_WORK INSTRUCTION_:
Begin at the line that holds "Площадь участка 13.1 сот." and copy each line exactly until the data below ends, including that last line but no pictures.

(DATA IN THIS EXERCISE begins)

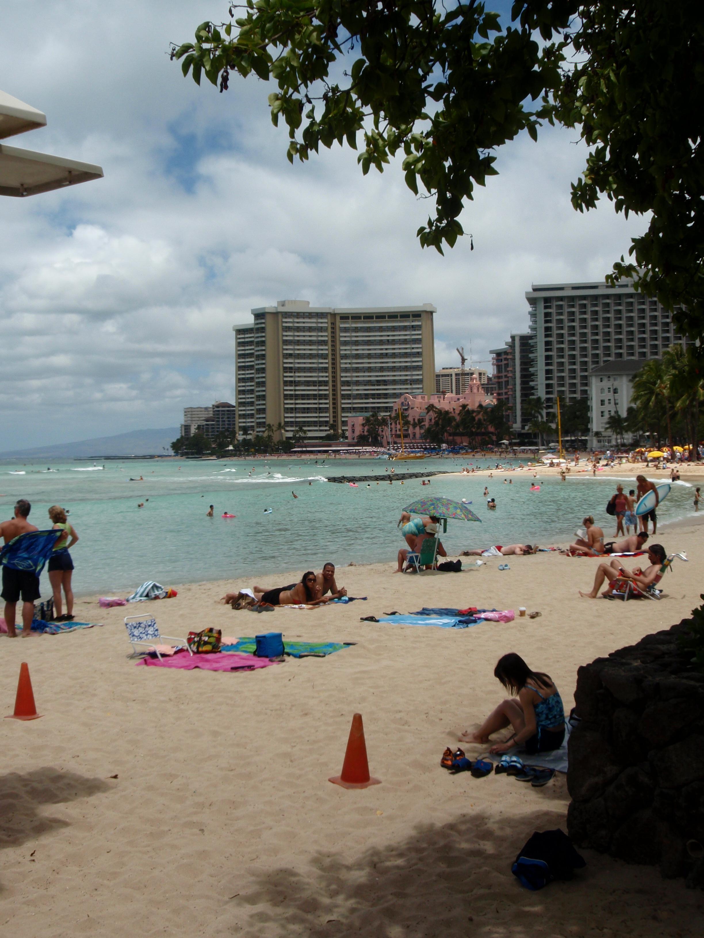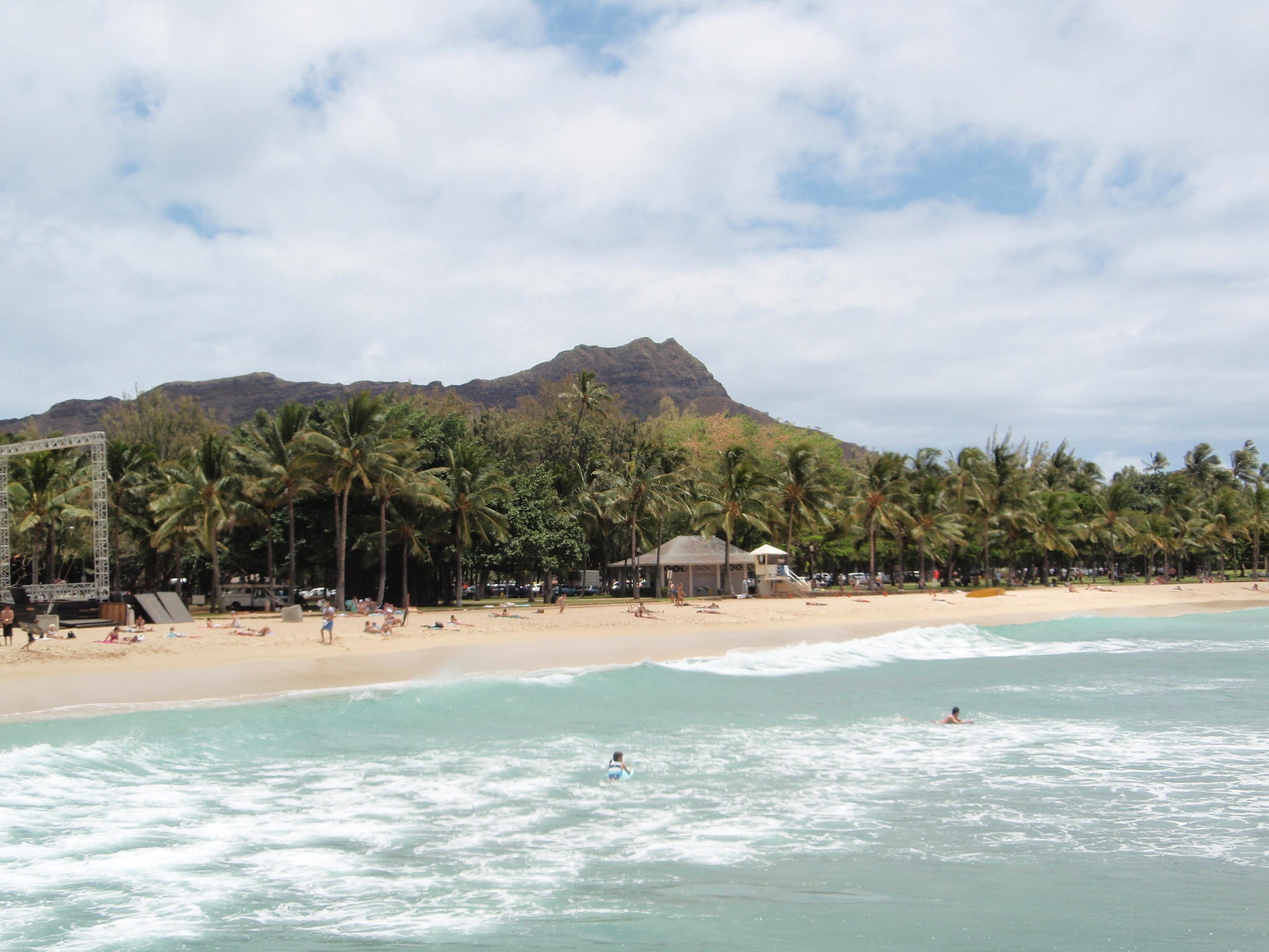 アロハ航空の倒産で乗り継ぎ便がどれも満席で15時過ぎの便なので、ワイキキまで足を伸ばしました。
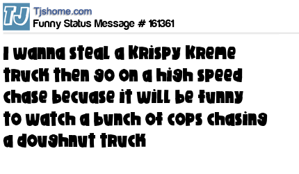 - # 66080 I wanna steal a donut truck and go on a high speed chase cuz I think it'll be funny watching a bunch of cops chasing a donut truck
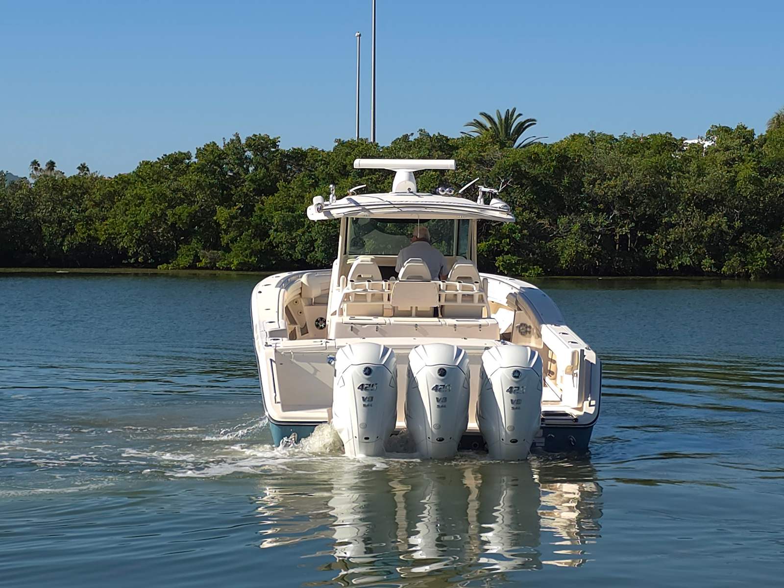 In summary, the 2019 Grady-White Canyon 376 is a standout Center Console boat for sale that combines power, comfort, and versatility in a stunning package. With triple engines delivering 1275 horsepower, a spacious 38-foot layout, and only 100 engine hours, this used Grady-White boat for sale is an outstanding opportunity for anyone seeking the ultimate boating experience. Its thoughtful design, premium features, and practical benefits make it the perfect choice for family outings, fishing adventures, and luxury getaways. Don’t miss your chance to own this exceptional Grady-White Canyon 376—contact the dealer today to learn more and start your next adventure on the water!
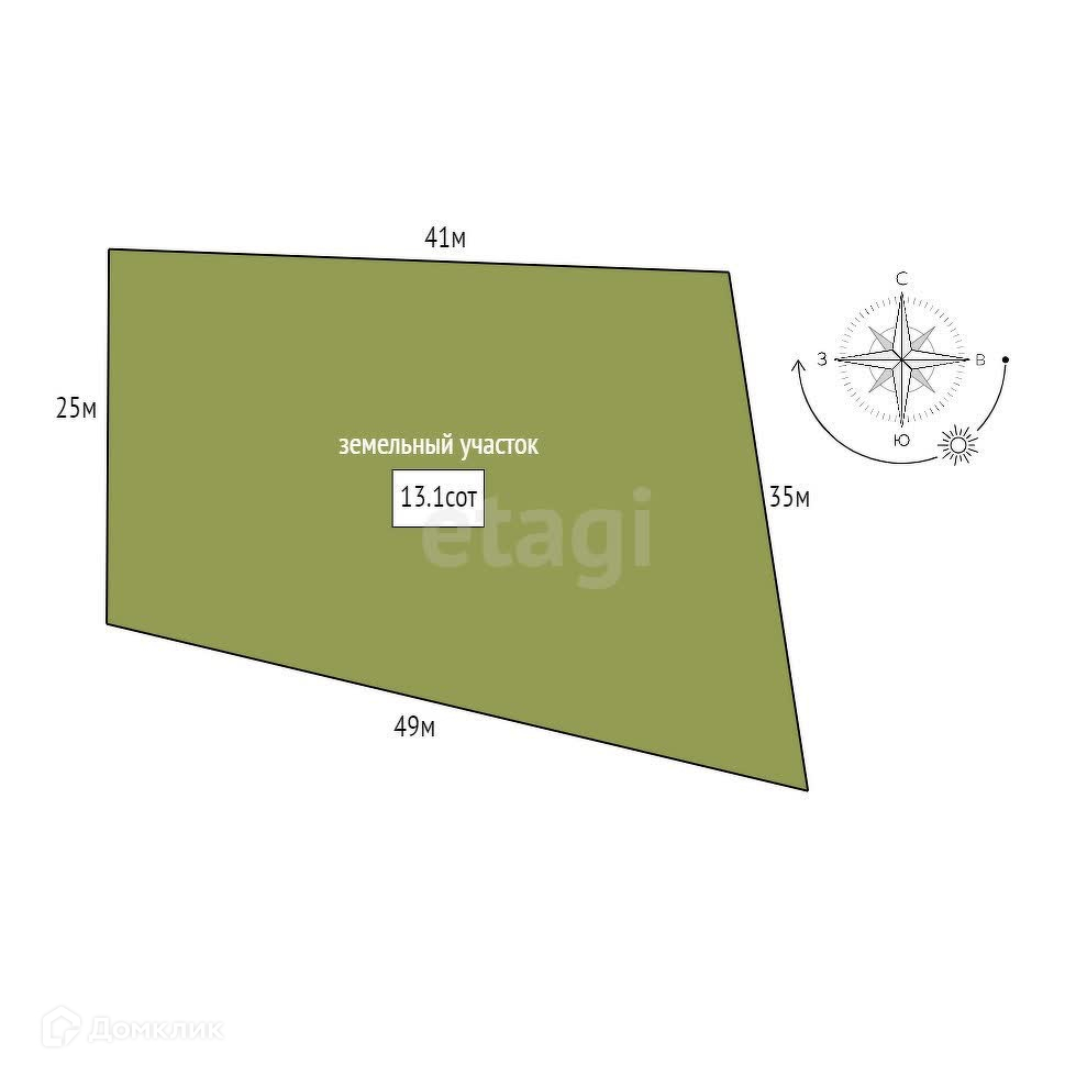 Площадь участка 13.1 сот.
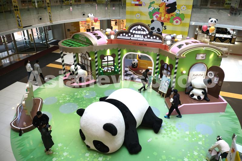 2022年4月25日,辽宁沈阳,妙趣熊猫屋,熊猫滚滚PandaRoll展亮相一商场,吸引市民参观。

(DATA IN THIS EXERCISE ends)

_SOLUTION FOR THIS PROBLEM_:
 Площадь участка 13.1 сот.
 2022年4月25日,辽宁沈阳,妙趣熊猫屋,熊猫滚滚PandaRoll展亮相一商场,吸引市民参观。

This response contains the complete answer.